What’s potentially more interesting here is the response from Red Robin. In coverage of the fiasco (Red Robin Garden Burger Ad Under Fire For Dissing Vegetarians VIDEO), Red Robin’s communications manager basically says they’re going to let the ad run its course as it’s scheduled to go out of rotation soon anyway. On the social media front – Twitter and Facebook – Red Robin has their lips sealed. They’re letting their meat eating customers duke it out with the veggies on Facebook; and they haven’t really mentioned the commercial on Twitter.
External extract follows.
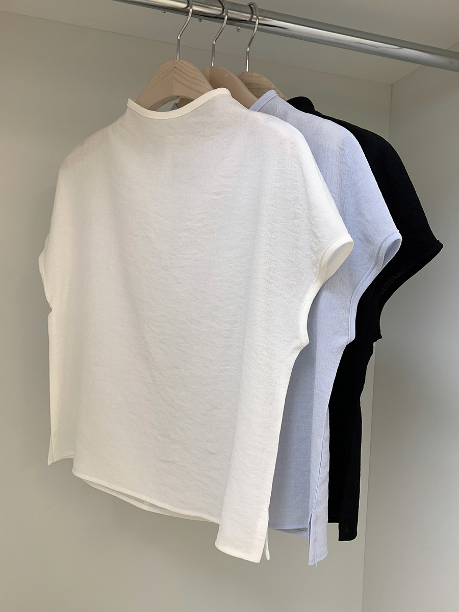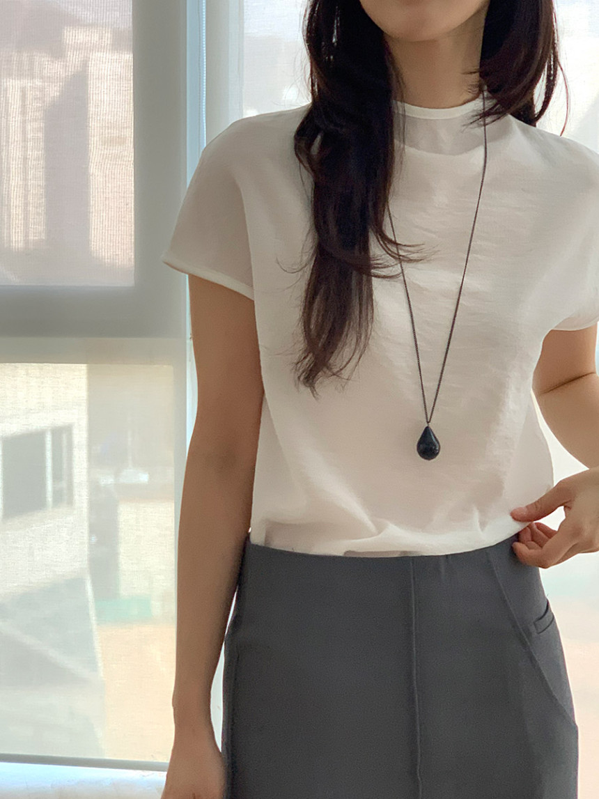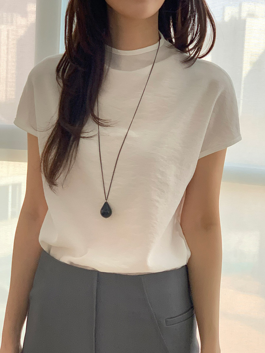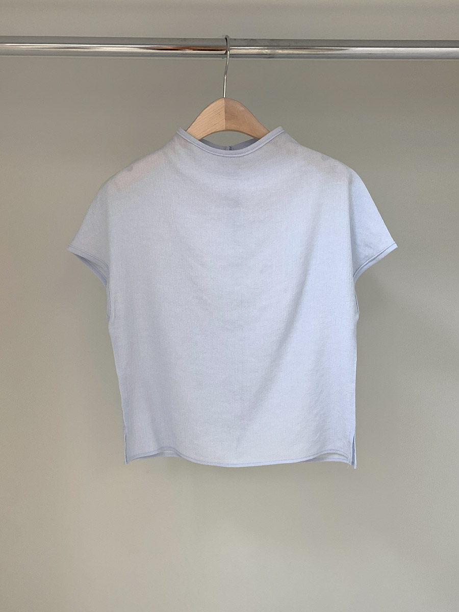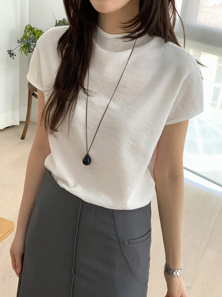 ハーフネックシースルーラグランリンクル半袖ブラウス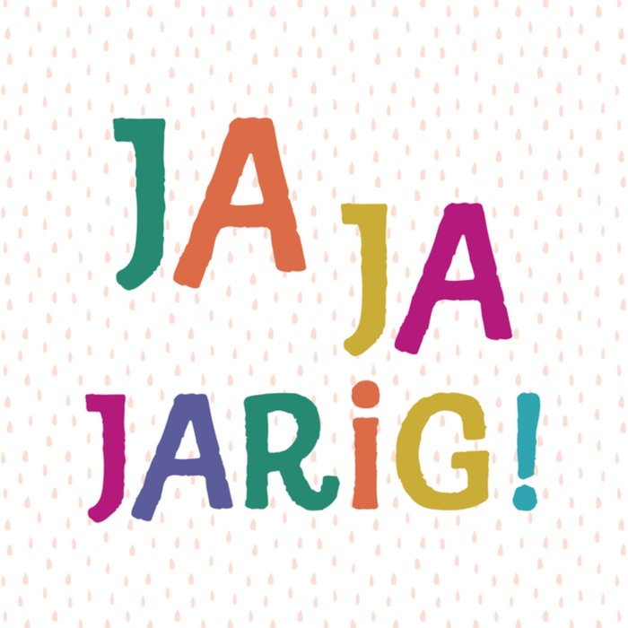 Op deze leuke verjaardagskaart staat: Ja, Ja Jarig.

Is this a smart move? On one hand, there’s probably nothing Red Robin could say to smother the flames. They’d likely only spin another cycle of hate mail and online ranting. On the other, should they acknowledge the uproar they’ve caused with at least a simple apology? Should they show their fans and followers they’re listening?
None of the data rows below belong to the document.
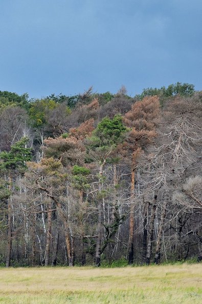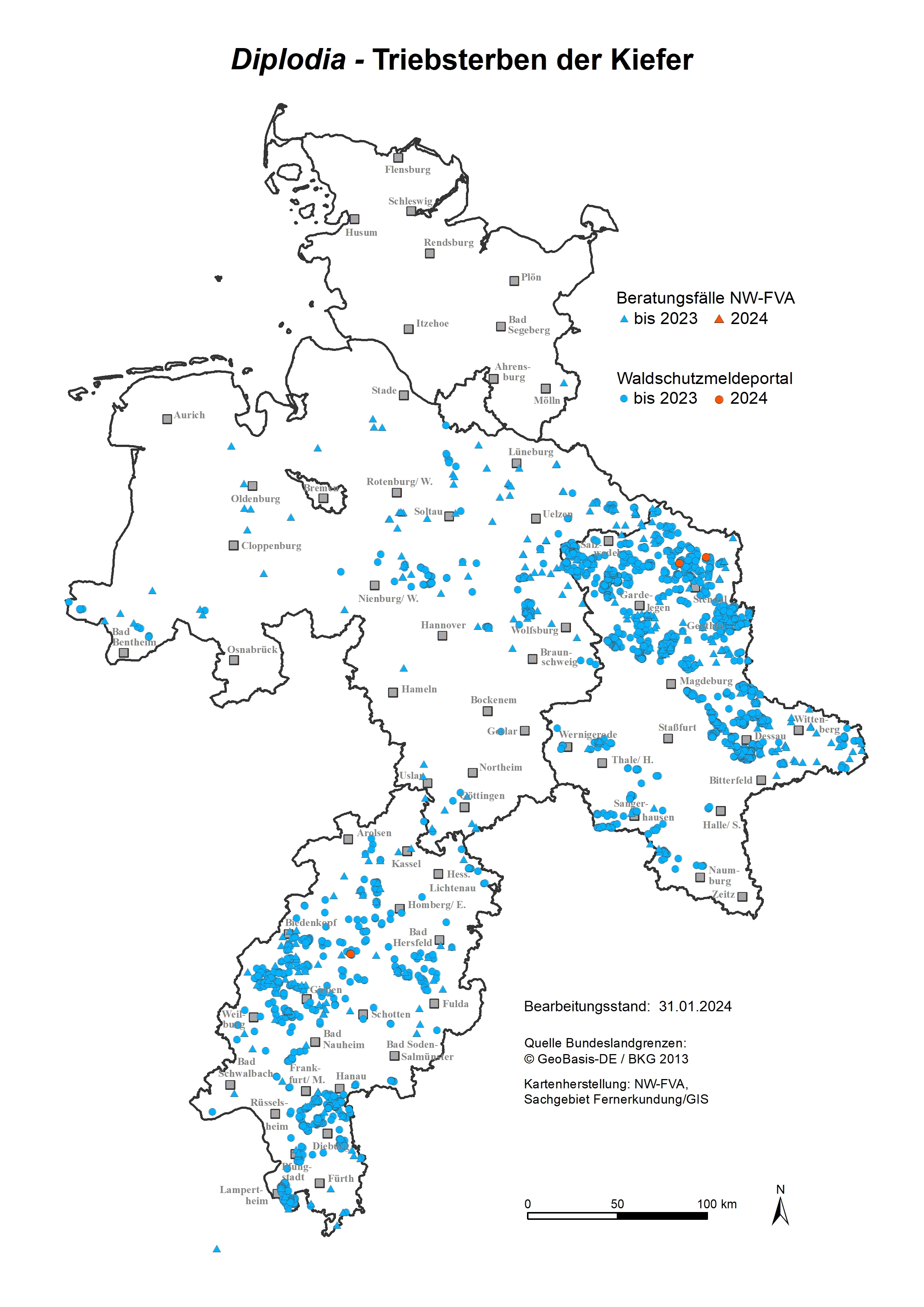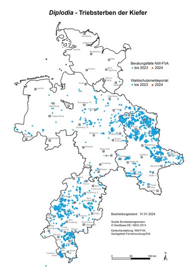 Der wärmeliebende Pilz Diplodia sapinea (Synonym: Sphaeropsis sapinea) tritt seit (ca.) 20 Jahren verstärkt in Kiefernbeständen des Zuständigkeitsgebietes der NW-FVA auf und ist auch bundesweit sehr verbreitet. Er löst erst Schäden aus, wenn der Pilz bei vorgeschädigten oder geschwächten Wirtspflanzen in seine parasitische Phase übergeht und das Diplodia-Triebsterben verursacht. Der Erkrankung geht in der Regel eine Schwächung der Kiefer voraus.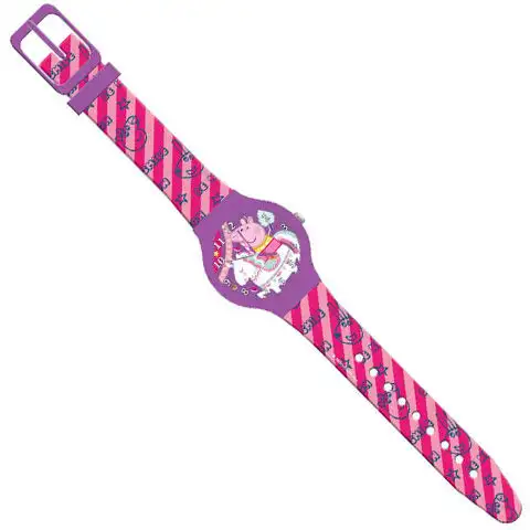 Peppa Pig se tentokrát objevuje na analogových hodinkách ve svých charakteristických barvách a může se okamžitě stát oblíbeným doplňkem vašeho dítěte, protože svého oblíbeného hrdinu z pohádek může nosit na zápěstí kdykoliv během dne a zároveň se naučit číst analogové hodiny a orientovat se ve čase. Díky průhlednému plastovému obalu je také skvělou volbou jako dárek k narozeninám, jmeninám nebo jakékoliv jiné příležitosti. Hodinky obsahují baterii potřebnou pro jejich provoz.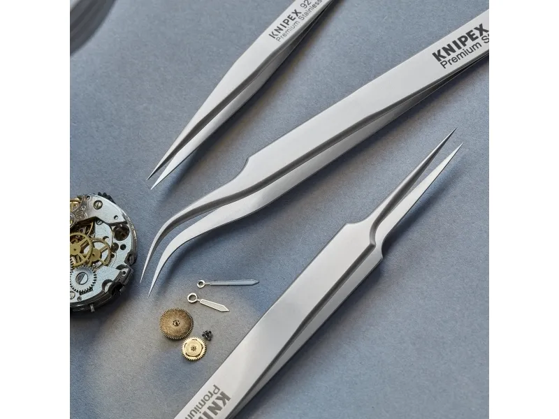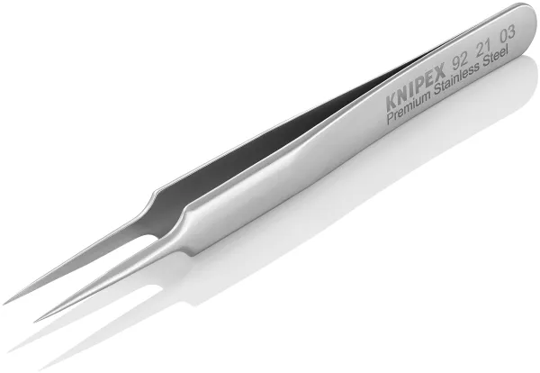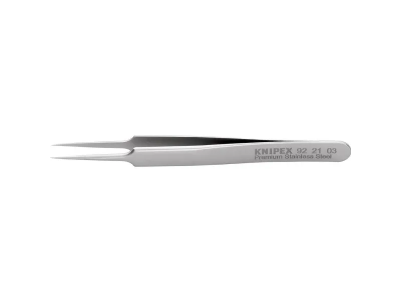 92 21 03 Præcisions-pincet Til særligt krævende præcisionsarbejde: Robust og meget modstandsdygtig over for korrosion. Håndlavet: Med polerede kanter og en fornem mat, ridsefri og ikke-reflekterende overflade. Til elektronikindustrien, urmagere, juvelerer, laboratorier med biologiske og medicinske anvendelser i moderat aggressive kemiske miljøer. Rustfrit stål i højeste kvalitet: Høj temperaturbestandighed og fremragende korrosionsbestandighed over for de fleste kemikalier, salte og syrer. Ideelt egnede til mikroskopi, præcisionshåndtering, reparationer, fremstilling af elektroniske komponenter såvel som andre generelle anvendelser; spidserne har garanteret perfekt symmetri og balance. Fås også som sæt (92 00 02).

My advice to brands has always been to quickly acknowledge the social media firestorm, apologize if it’s appropriate and move on. It’s a more interesting dilemma in the case of Red Robin. Sure, they’ve offended some people, but the dissenters only account for a tiny portion of their audience. This isn’t a “Motrin upsetting moms” kind of situation. It’s a burger restaurant upsetting vegetarians. That’s already kind of a given, right?

The question remains, on social media, at what point do you just let it blow over? I’d love to hear what you think!